### TASK DETAILS
Leaving the pictures aside, write out the whole listing below exactly.

### RECORD EXTRACTS
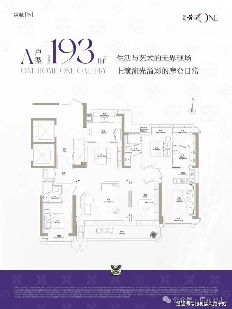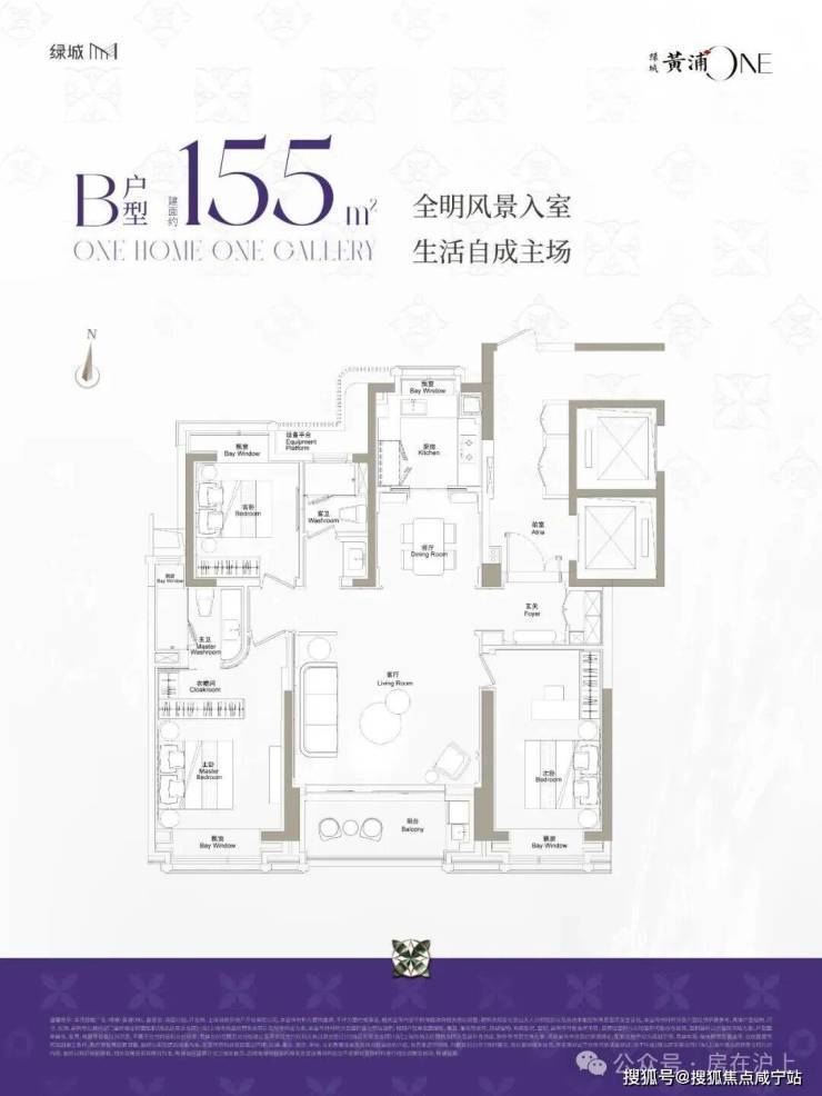 绿城·黄浦ONE售楼处电话:400-8787-740(预约热线)规划了一幢住宅,两个户型依次排开,规整有序,边套是约193㎡4房2厅3卫,中间套是约155㎡3房2厅2卫户型,是纯粹改善大户型社区。
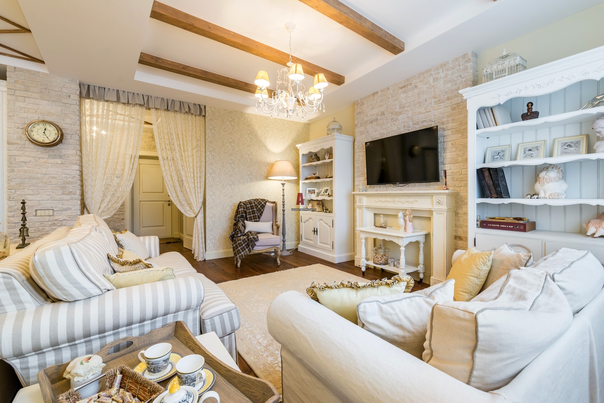 Интерьер гостиной в теплых пастельных тонах с элементами французской классики, стиля шале и Прованс. Потолки оштукатурены, побелены и декорированы деревянными балками с состаренной фактурой. На полу – палубная доска из тика.
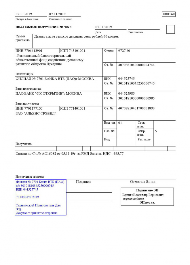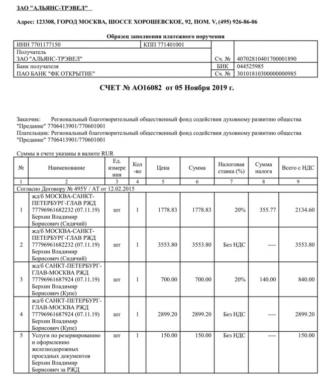 Куплены билеты Москва-Санкт-Петербург-Москва президенту фонда Владимиру Берхину
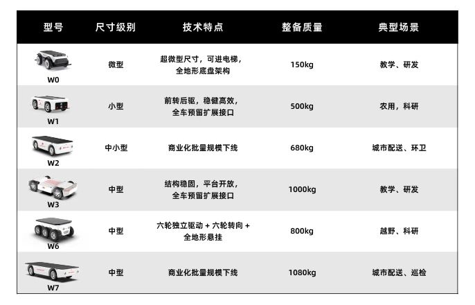 我们结合过往落地案例与行业趋势,将目前典型的中低速无人车应用需求划分为6 大类,并推荐了6 款智能线控底盘产品,覆盖从教学研发到复杂越野的多种任务需求:
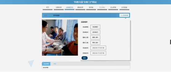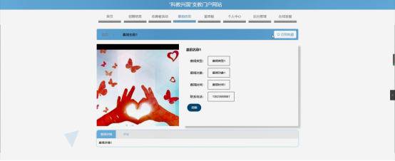 首页展示:提供支教项目的最新动态、新闻资讯、志愿者活动信息等,方便用户快速了解平台的核心内容。
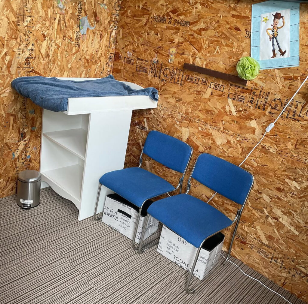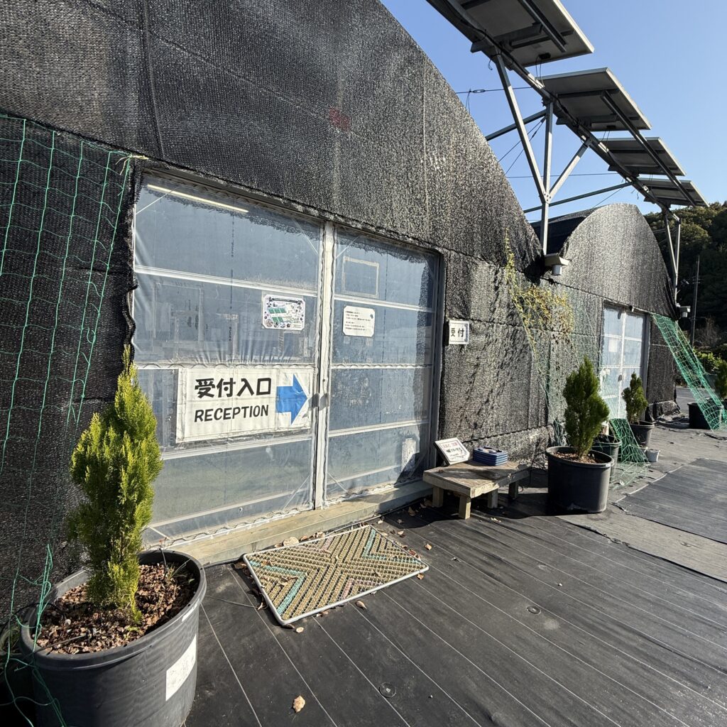 農園入口手前にあるハウスの中で受付を行っております。同じスペースにテーブルとイスをご用意しております。ロッカーや更衣室兼授乳室を完備した半個室をご用意しております。休憩エリアとカーテンで仕切っております。受付横にはお土産もございます。
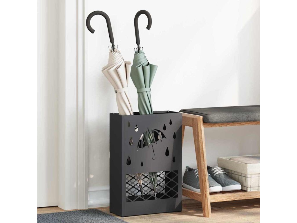Tento moderní stojan na deštníky s úložným prostorem spojuje styl s funkčností, takže vaše předsíň zůstane uspořádaná a bez nepořádku. Díky elegantnímu obdélníkovému tvaru skvěle ladí s moderními trendy a přidává špetku jednoduchosti a elegance. Robustní ocelový rám zajišťuje potřebnou oporu a trvanlivost, což z něj dělá funkcionalitu do každého vchodu.
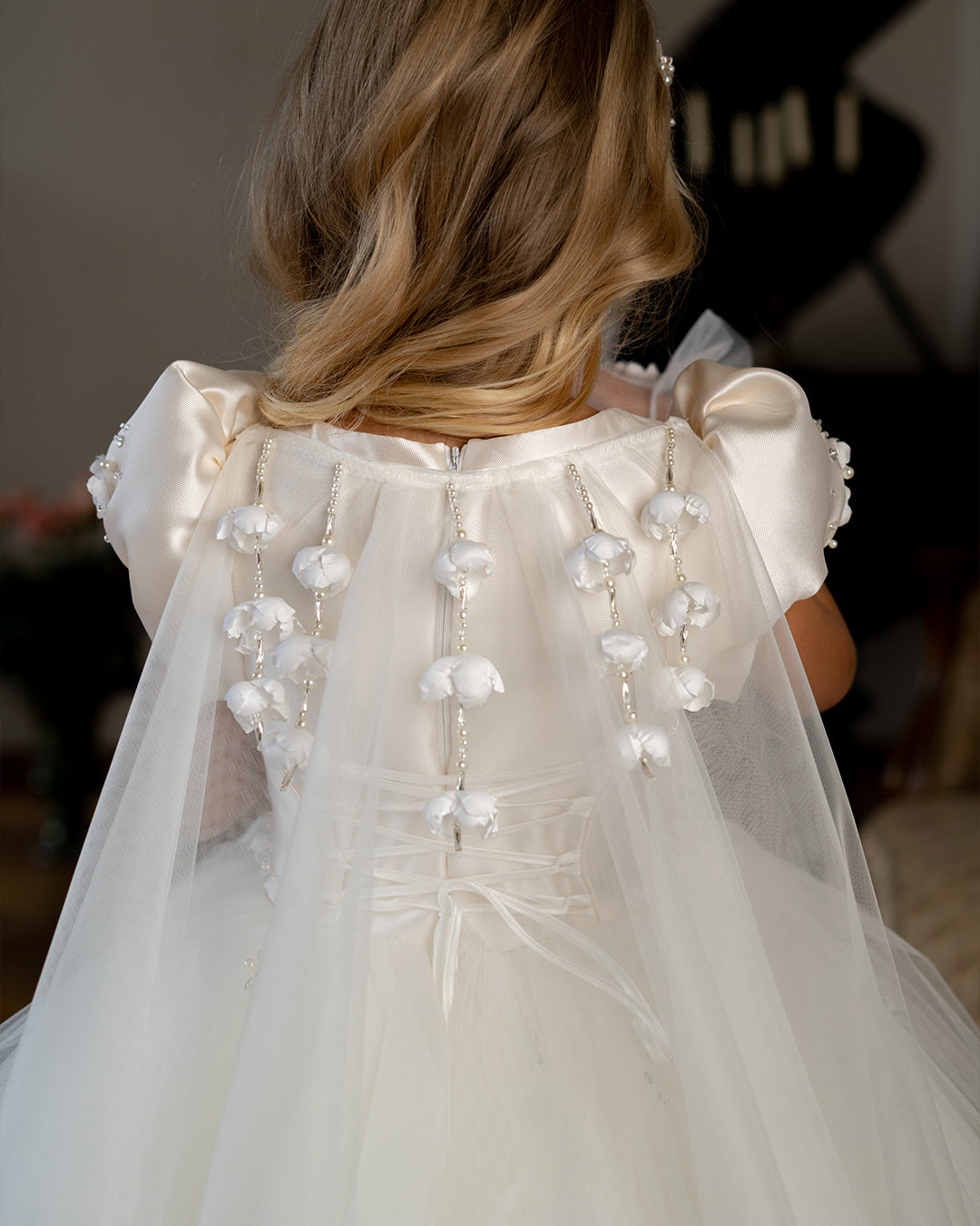 Soft puff sleeves add a touch of vintage charm, while the full tulle skirt creates a dreamy, princess-like silhouette. The gown is finished with a breathtaking sheer cape back, detailed with cascading floral pearls that flow gracefully from the shoulders, creating an unforgettable look from behind.

### COMPLETED TASK
 绿城·黄浦ONE售楼处电话:400-8787-740(预约热线)规划了一幢住宅,两个户型依次排开,规整有序,边套是约193㎡4房2厅3卫,中间套是约155㎡3房2厅2卫户型,是纯粹改善大户型社区。
 Интерьер гостиной в теплых пастельных тонах с элементами французской классики, стиля шале и Прованс. Потолки оштукатурены, побелены и декорированы деревянными балками с состаренной фактурой. На полу – палубная доска из тика.
 Куплены билеты Москва-Санкт-Петербург-Москва президенту фонда Владимиру Берхину
 我们结合过往落地案例与行业趋势,将目前典型的中低速无人车应用需求划分为6 大类,并推荐了6 款智能线控底盘产品,覆盖从教学研发到复杂越野的多种任务需求:
 首页展示:提供支教项目的最新动态、新闻资讯、志愿者活动信息等,方便用户快速了解平台的核心内容。
 農園入口手前にあるハウスの中で受付を行っております。同じスペースにテーブルとイスをご用意しております。ロッカーや更衣室兼授乳室を完備した半個室をご用意しております。休憩エリアとカーテンで仕切っております。受付横にはお土産もございます。
Tento moderní stojan na deštníky s úložným prostorem spojuje styl s funkčností, takže vaše předsíň zůstane uspořádaná a bez nepořádku. Díky elegantnímu obdélníkovému tvaru skvěle ladí s moderními trendy a přidává špetku jednoduchosti a elegance. Robustní ocelový rám zajišťuje potřebnou oporu a trvanlivost, což z něj dělá funkcionalitu do každého vchodu.
 Soft puff sleeves add a touch of vintage charm, while the full tulle skirt creates a dreamy, princess-like silhouette. The gown is finished with a breathtaking sheer cape back, detailed with cascading floral pearls that flow gracefully from the shoulders, creating an unforgettable look from behind.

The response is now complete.